South Africans have a lax attitude towards owning dogs. We hear of dogs getting out into the streets and mauling strangers, people visiting others and their kids get bitten or domestic staff get mauled. This is a criminal offense, she said.
South Africa has the legislation in place in the form of the Animals Matters Amendment Act, but we will only see a stop in maulings once we see prosecution and sentencing of people whose dog bites.
According to Rautenbach, 77% of all dog bites are from family dogs.

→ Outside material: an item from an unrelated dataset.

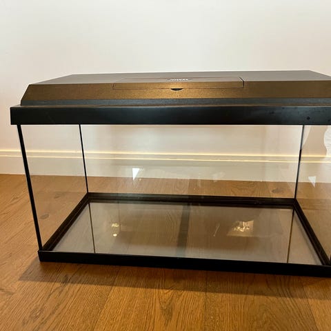 Akvarium med lokk, filter, varmeelement og dekor

She blames this on the lack of socialization of dogs and where they come from, such as rescue organizations, bad breeders and owners incapable of managing dogs. She is strongly opposed to rehoming dogs who have bitten, and states:
A dog who has bitten lacks bite inhibition...there's been scientific studies on this. Unfortunately, science and proven fact is being overrun by emotion. And we're sitting here today because of the pit bull lobby machine, rescue societies and bad breeders, said Rautenbach.
She firmly believes a dog with a bite history or a temperament issue must be euthanized.
A dog with no bite inhibition will do it again. You cannot rehabilitate it out of the dog.”
America should listen and act – awareness is needed and so is action!
(Phyllis M. Daugherty is a contributor to CityWatch and a former Los Angeles City employee.)